Plan der Jamaika-Koalition

1000 Euro für jeden – Schleswig-Holstein will bedingungsloses Grundeinkommen testen

In Schleswig-Holstein soll das bedingungslose Grundeinkommen eingeführt werden – zumindest probeweise. Der Staat soll jedem Bürger 1000 Euro monatlich zahlen.

Kiel – Es ist eine Innovation, die die Regierung des nördlichsten deutschen Bundeslandes plant. Nicht nur, dass in Schleswig-Holstein eine Jamaika-Koalition – bestehend aus CDU, FDP und Grünen – regiert. Das Dreierbündnis, das am Dienstag seinen ausgehandelten Koalitionsvertrag unterschreiben will, möchte das bedingungslose Grundeinkommen testen.
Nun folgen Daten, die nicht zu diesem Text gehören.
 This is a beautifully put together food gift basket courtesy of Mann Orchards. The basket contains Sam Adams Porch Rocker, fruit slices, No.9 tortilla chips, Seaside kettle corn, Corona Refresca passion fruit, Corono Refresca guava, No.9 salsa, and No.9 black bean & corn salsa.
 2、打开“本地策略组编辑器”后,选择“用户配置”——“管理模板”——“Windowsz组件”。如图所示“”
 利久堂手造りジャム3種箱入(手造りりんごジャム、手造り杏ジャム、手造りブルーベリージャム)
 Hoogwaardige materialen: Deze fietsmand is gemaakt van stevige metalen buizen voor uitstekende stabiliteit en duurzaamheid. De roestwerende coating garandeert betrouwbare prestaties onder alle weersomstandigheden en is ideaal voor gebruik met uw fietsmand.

Dafür sollen auf der anderen Seite Sozialleistungen wie Hartz IV und BAföG gestrichen werden und Bedürftigen sollen die Wohnkosten nicht mehr gezahlt werden.

Modellregion Schleswig-Holstein testet bedingungsloses Grundeinkommen

Genauso wie in Finnland, wo das bedingungslose Grundeinkommen auf die Probe gestellt wird, ist auch in Schleswig-Holstein zuerst ein Testlauf geplant. „Ein Grundeinkommen wollen wir regierungsseitig entwickeln und in Schleswig-Holstein als Modellregion erproben“, sagte Vize-Ministerpräsident Robert Habeck (Grüne) gegenüber dem Flensburger Tageblatt

Doch was genau bedeutet es, wenn das Grundeinkommen an keine Bedingungen geknüpft ist? Startet der Testlauf in Schleswig-Holstein, dann zahlt der Staat jedem Erwerbsfähigen monatlich einen Festbetrag von 1000 Euro. Dabei ist es egal, ob derjenige arbeitet oder nicht, ob er arbeiten möchte oder nicht. Kinder bekommen die Hälfte dieses Betrags, so das Flensburger Tageblatt. Hartz IV, Kindergeld oder BAföG fallen dafür weg.
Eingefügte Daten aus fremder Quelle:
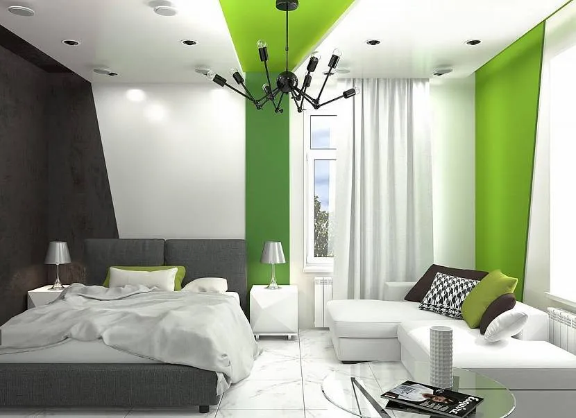 Для спальни в стиле хай-тек и модерн используются яркие оттенки. Чтобы спальня выглядела при этом более спокойной, лучше всего зеленым отделать только одну стену.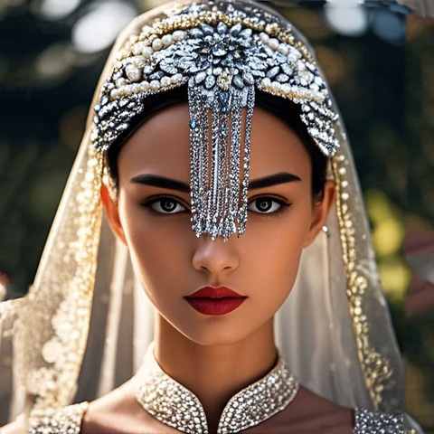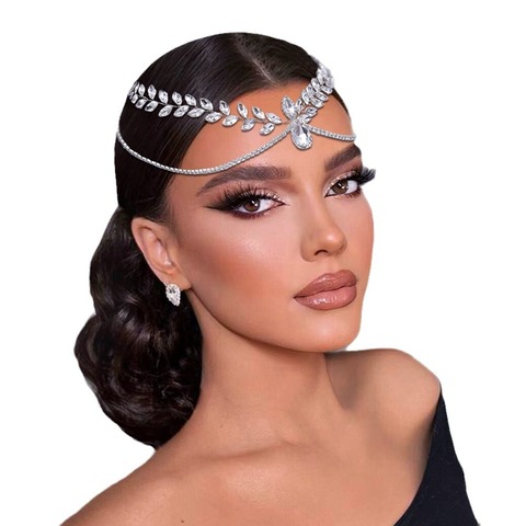 2024 afrika Headpieces moda saç aksesuarları katmanlı Rhinestones su Rhinestone Tiaras zincirleri gotik alın süsler

Bedingungsloses Grundeinkommen als „neue Form der Sicherheit“

In Finnland erhofft man sich, dass das bedingungslose Grundeinkommen die Menschen zum Arbeiten motiviert. Außerdem soll damit Bürokratie abgebaut werden und es gebe den Menschen finanzielle Sicherheit, so Marjukka Turunen vom finnischen Sozialversicherungsinstitut Kela, das das Experiment betreut.

Auch in Schleswig-Holstein ist man dieser Ansicht. Das sagte zumindest Grünen-Politiker Robert Habeck gegenüber der Huffington Post. „Hier brauchen die Menschen eine neue Form von Sicherheit.“ Doch wird dieser Plan auch in die Realität umgesetzt? Zumindest ist das bedingungslose Grundeinkommen im Koalitionsvertrag verankert, nur vorsichtiger formuliert. Man wolle mit Experten über „die Umsetzbarkeit neuer Absicherungsmodelle“ diskutieren wie etwa „ein Bürgergeld“ oder „ein Grundeinkommen“, zitiert das Flensburger Tageblatt aus dem Papier.

Schweizer haben gegen das Grundeinkommen gestimmt

FDP-Politiker Heiner Garg bevorzugt dagegen „das liberale Bürgergeld“. Bei diesem Modell, das seine Partei entwickelt hat, stockt der Staat Erwerbseinkünfte über Zuschüsse vom Finanzamt so weit auf, dass es zum selbstbestimmten Leben reicht. Dafür müssen die Empfänger aber bereit sein, zu arbeiten – das liberale Bürgergeld wäre also nicht bedingungslos. Bislang steht noch nicht fest, für welches Modell man sich im nördlichsten Bundesland Deutschlands entscheiden wird.

Bereits 2016 wurden die Schweizer vor die Wahl gestellt: Bedingungsloses Grundeinkommen – Ja oder Nein? Vater Staat sollte 2500 Franken pro Erwachsenem und 625 Franken für jedes Kind (derzeit rund 2300 sowie 570 Euro) überweisen – ohne irgendeine messbare Gegenleistung. Aber das Schweizer Grundeinkommen wurde abgelehnt.

Weil die Digitalisierung die Gesellschaft und die Arbeitswelt verändern, müssten unkonventionelle Lösungen zum Erhalt der Sozialsysteme her, findet Timotheus Höttges, Vorstandschef der Deutschen Telekom. Daher befürwortet Höttges das bedingungslose Grundeinkommen. Seiner Ansicht nach solle es mit Unternehmenssteuern finanziert werden.